WORK INSTRUCTIONS - Pull out of the data below the stretch of lines bounded by the one containing "Rode kardinaal man" and the one containing "Абстрактная Картина на", both bounds included, unchanged.

RECORDS SHOWN -
+++++
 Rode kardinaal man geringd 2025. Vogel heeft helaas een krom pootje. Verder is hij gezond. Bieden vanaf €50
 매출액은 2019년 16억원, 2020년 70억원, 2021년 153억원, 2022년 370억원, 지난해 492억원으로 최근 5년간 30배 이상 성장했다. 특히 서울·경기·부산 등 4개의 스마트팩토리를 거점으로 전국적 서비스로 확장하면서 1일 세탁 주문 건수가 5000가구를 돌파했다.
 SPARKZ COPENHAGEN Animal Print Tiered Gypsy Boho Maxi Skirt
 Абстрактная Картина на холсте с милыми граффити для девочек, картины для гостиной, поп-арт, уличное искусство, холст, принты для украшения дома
+++++
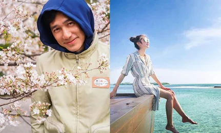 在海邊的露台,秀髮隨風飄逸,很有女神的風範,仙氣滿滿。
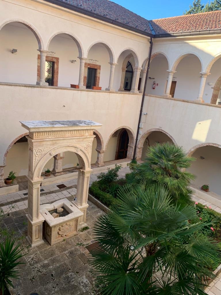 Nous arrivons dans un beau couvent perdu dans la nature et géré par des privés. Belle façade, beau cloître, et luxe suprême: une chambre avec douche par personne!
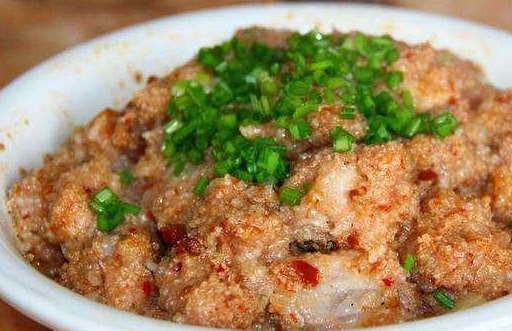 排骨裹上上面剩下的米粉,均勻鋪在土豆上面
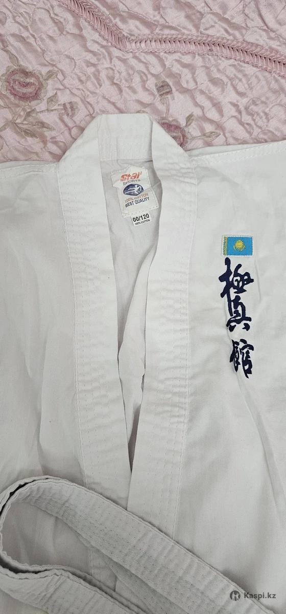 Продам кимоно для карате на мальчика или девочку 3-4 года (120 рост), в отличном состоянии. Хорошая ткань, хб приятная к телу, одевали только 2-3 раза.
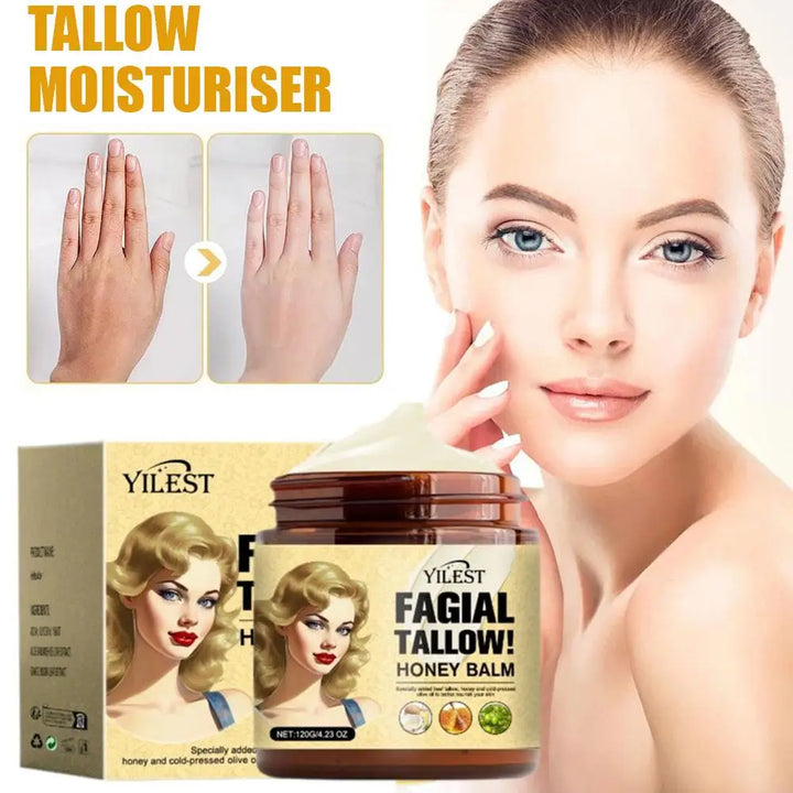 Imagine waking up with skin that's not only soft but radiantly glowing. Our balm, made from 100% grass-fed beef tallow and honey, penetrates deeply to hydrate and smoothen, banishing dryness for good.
+++++
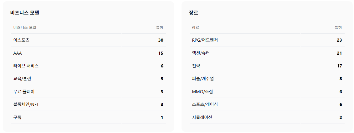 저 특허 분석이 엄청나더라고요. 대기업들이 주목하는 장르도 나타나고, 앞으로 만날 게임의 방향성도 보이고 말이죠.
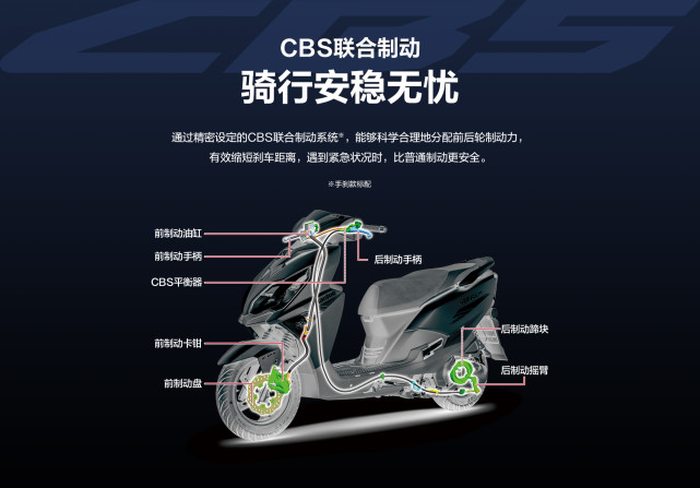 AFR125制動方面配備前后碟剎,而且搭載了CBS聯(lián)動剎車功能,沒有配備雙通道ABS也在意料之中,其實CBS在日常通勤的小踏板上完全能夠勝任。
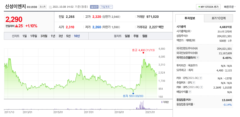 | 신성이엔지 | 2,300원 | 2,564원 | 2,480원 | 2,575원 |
+++++
ANSWER FOR THIS EXERCISE -
 Rode kardinaal man geringd 2025. Vogel heeft helaas een krom pootje. Verder is hij gezond. Bieden vanaf €50
 매출액은 2019년 16억원, 2020년 70억원, 2021년 153억원, 2022년 370억원, 지난해 492억원으로 최근 5년간 30배 이상 성장했다. 특히 서울·경기·부산 등 4개의 스마트팩토리를 거점으로 전국적 서비스로 확장하면서 1일 세탁 주문 건수가 5000가구를 돌파했다.
 SPARKZ COPENHAGEN Animal Print Tiered Gypsy Boho Maxi Skirt
 Абстрактная Картина на холсте с милыми граффити для девочек, картины для гостиной, поп-арт, уличное искусство, холст, принты для украшения дома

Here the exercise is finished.